Elle se dit «troublée et triste» devant le scandale causé par la publication de la biographie de Claude Jutras, qui accuse le cinéaste québécois de pédophilie. «[Les gens] croient que je fais l'apologie de la pédophilie. C'est pas ça du tout. Mais c'est pas ça, la question», précise-t-elle au Soleil.

En entrevue à l'émission 15-18 sur les ondes d'ICI Radio-Canada Première vendredi, elle dit : «Je comprends pas qu'on puisse évincer Claude Jutra. Quand même, il a une oeuvre magistrale marquante [...] Ce que je comprends pas, c'est l'attitude des gens qui salissent tout à coup pour une condamnation morale presque nationale contre un individu qui tout à coup devient l'emblème de l'impureté.»

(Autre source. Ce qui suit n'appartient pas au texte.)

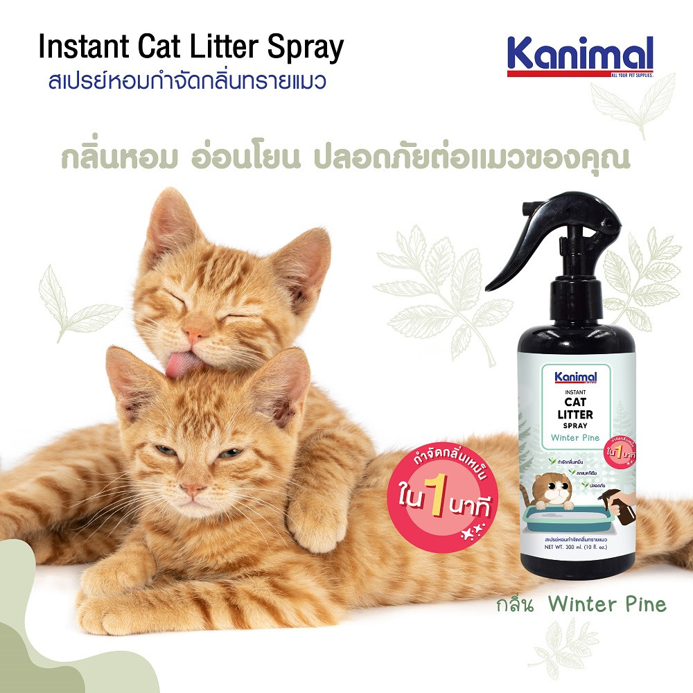 Kanimal Cat Litter Spray สเปรย์หอมกำจัดกลิ่นเหม็น และยับยั้งเชื้อแบคทีเรีย สำหรับดับกลิ่นไม่พึงประสงค์จากปัสสาวะ และอุจจาระ สามารถใช้ได้กับทรายแมวทุกชนิด เช่น ทรายเบนโทไนท์ ภูเขาไฟ ไม้สนธรรมชาติ คริสตัล เต้าหู้ ซังข้าวโพด ฯลฯอีกทั้งสามารถใช้ฉีดบนของใช้ ของเล่น เบาะนอนน้องแมว คอนโดแมว ตระกร้า กรงแมว หรือกระเป๋าใส่สัตว์เลี้ยงได้ด้วย

Mme Sainte-Marie déplore par ailleurs que la communauté artistique envisage maintenant de donner le nom de Gilles Carle au prix du cinéma québécois. À ICI Radio-Canada Première, elle mentionne qu'«en acceptant ça, Gilles devient un produit de remplacement. C'est un choix de rédemption, et ça, c'est trop triste, c'est un piège. On ne choisit pas Gilles Carle pour lui-même, c'est un choix de remplacement. Et là, Gilles Carle deviendrait l'emblème de la pureté, versus Claude Jutra, qui devient l'emblème de l'impureté.»

Clarification

En fin de soirée vendredi, Chloé Sainte-Marie a fait parvenir au Soleil une seconde lettre ouverte afin de «clarifier» certains de ses propos tenus plus tôt dans la journée. Elle y explique en profondeur ses réflexions, et fait un parallèle entre le scandale concernant Claude Jutras et la situation des «réserves indiennes» au Québec.

«À s'acharner contre une seule personne pour se laver collectivement la conscience, on oublie de s'acharner contre un pouvoir qui permet ce qui se passe actuellement. Et depuis toujours dans les réserves indiennes sous la violence de policiers en abus de devoir abusant de jeunes femmes autochtones.»

Dans cette deuxième lettre, Chloé Sainte-Marie demande à nouveau de «faire la distinction entre l'homme à honnir et l'artiste à respecter».

«J'ai le sentiment qu'à travers la répudiation unanime de Claude Jutra, le Québec tente de régler son compte avec un quelque chose en lui que je n'arrive pas à saisir.»

La comédienne et chanteuse termine sa lettre avec un post-scriptum dans lequel elle demande pourquoi le nom de Claude Jutra a été éradiqué de toute rue, parc ou établissement au Québec, alors que la rue Amherst à Montréal, faisant référence à «celui qui a livré une guerre bactériologique chez les peuples premiers en y répandant la petite vérole», demeure.